I understood, today, that the work of summiting a mountain is a way of bonding with the mountain. It feels like a gift the mountain is giving you. The mountain is your metaphor, your teacher, not just some obstacle to conquer. Along the way, through the struggle, your challenge is to learn about yourself and remember to enjoy the beauty even while you’re focused on survival. It takes, and cultivates, mental and emotional discipline. I was so proud that I had done it.

To feel small. It was an answer I decided not to pick apart intellectually too much. It felt right. To feel small, to be humbled—that was a good reason for coming on a trip like this. To be reminded of vastness, beauty, eternity.


That Great Peace

Waiting for Ron now, I sat and watched the chipmunks, amused by them. They were the descendants of chipmunks I remembered from decades earlier, and were continuing their ancestors’ legacy of being the most aggressive chipmunks I’d ever encountered. Smelling my snacks, they would hop right up to my feet or jump up next to me on the rocks and practically demand handouts. They only scampered a few feet when I tried to shoo them away.

I sat for long moments just looking at the view. The smoke from forest fires shrouded the mountains, I would write.

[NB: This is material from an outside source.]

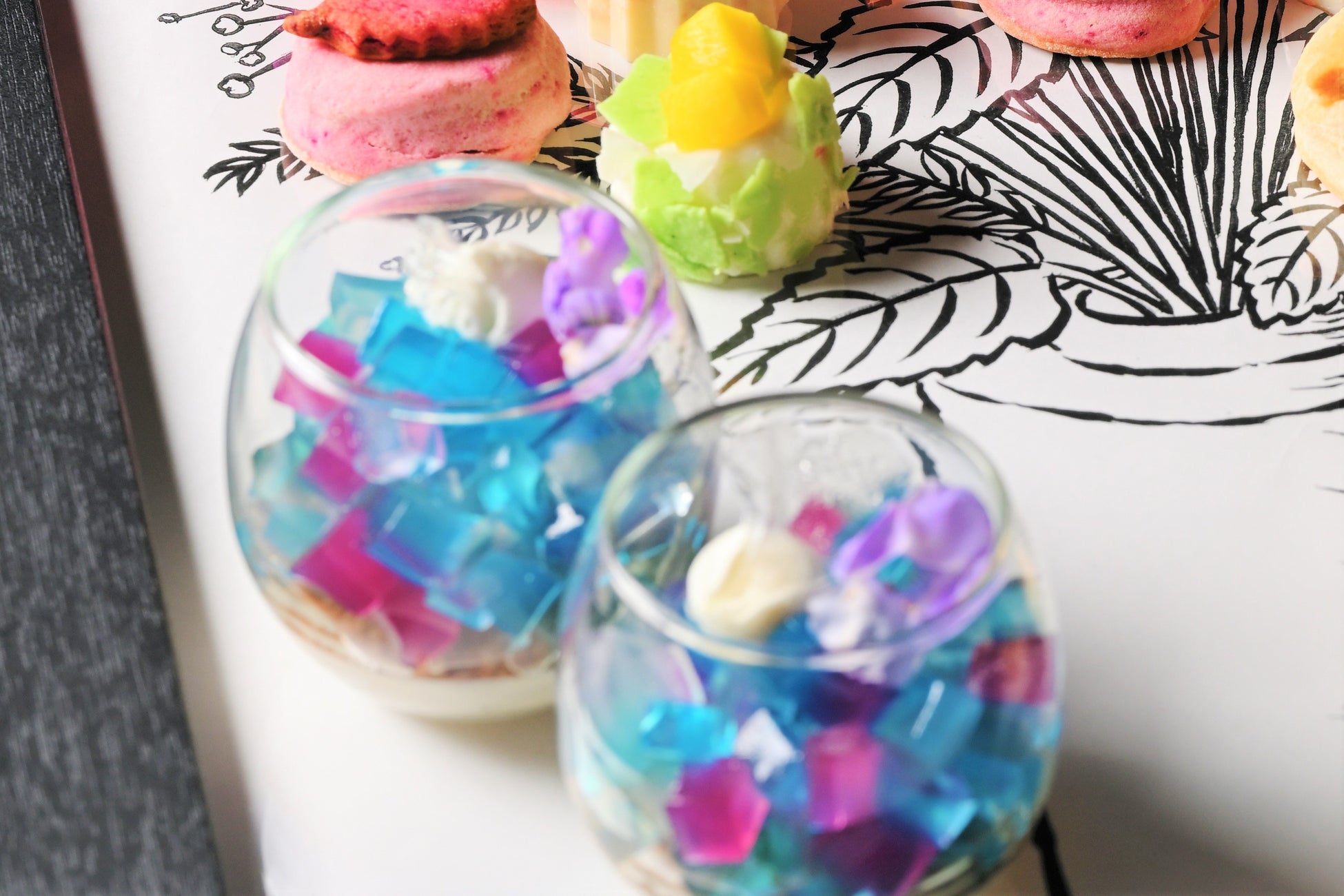 6月から8月の期間、日程限定で販売いたします。季節ごとにメニューがかわるアフタヌーンティーの今回のテーマは、「花」。額縁で供するお花のデザートは、テーブルで完成する「仕掛けのある」アートです。さらに、健康を意識した食材にもこだわりました。夏の野菜をふんだんに使ったセイボリーの盛り付けも色とりどりで、テーブルトップはお花が咲き乱れた絵画のようです。

But I felt a calm, an ancientness. Very likely, the earth will recover from whatever humanity inflicts upon it.

That’s something that’s been clarifying for me recently: I love Nature, but also, I love humanity, think we’re worthy of preserving, and that’s a large portion of my environmentalism. I want to protect Nature out of a fundamental reverence for all life—but also, I want to protect it as the overlooked sustainer of humankind’s existence.

I felt that great peace come over me up there, and still feel it.


A Backpacker Again

Ron arrived in a state I hadn’t been expecting. He was dangerously dehydrated—his long, ambitious hike had been too much for him in the heat. He stared dully at the view, fuzzy-headed and disconcerted, unable to feel the bliss that I felt here.

For the first time all week, I was now stronger than him. We were both thankful for my presence of mind and experience with heat exhaustion. I urged him to sip water slowly and to eat our salty food, in small bites, even though he didn’t feel hungry. He perked up a little. When he seemed to be doing better, we took pictures of each other here.

On the hike down, Ron fixated on just making it back to camp—all he wanted was to cool off and rest. But the evening was still magical to me. Confident that he was out of danger, I lingered behind him on the trail, monitoring his progress ahead while I paused for long moments to look out at the golden light on the mountains.

A hazy view of the Lostine River Valley as dusk nears.
The Lostine River Valley.

In the morning, I recorded as much as I could remember of the adventure. We had unwittingly taken too many risks with the heat, and in the future we’d be more careful—but still, it had turned out to be a mental and emotional triumph as well as a physical one.

In the hospital, I had learned that when you can’t control your body, it’s empowering to control your attitude about what happens to your body. I had learned that same lesson in a new way on this hike. I’d found ways to stay positive despite my fatigue and worry, and that made me proud.

Today we’d be packing up and heading out, our mission accomplished. I was a backpacker again. We could go into the wilderness.

Now the sunlight is falling on the slope over the lake, I wrote. Ron is already outside the tent, and I must go. We have a big day ahead.

The Lostine River Valley, green meadows visible at intervals, in evening light.

2 thoughts on “Backpacking Part 6: The Mountaintop

  1. Hi! It took me awhile to settle down and have time to read, but I really enjoyed your article. At times I really wanted to be there with you, to ease your worries, and be your slow-climbing companion.
    I love the pics and I’m so happy that you are a backpacker!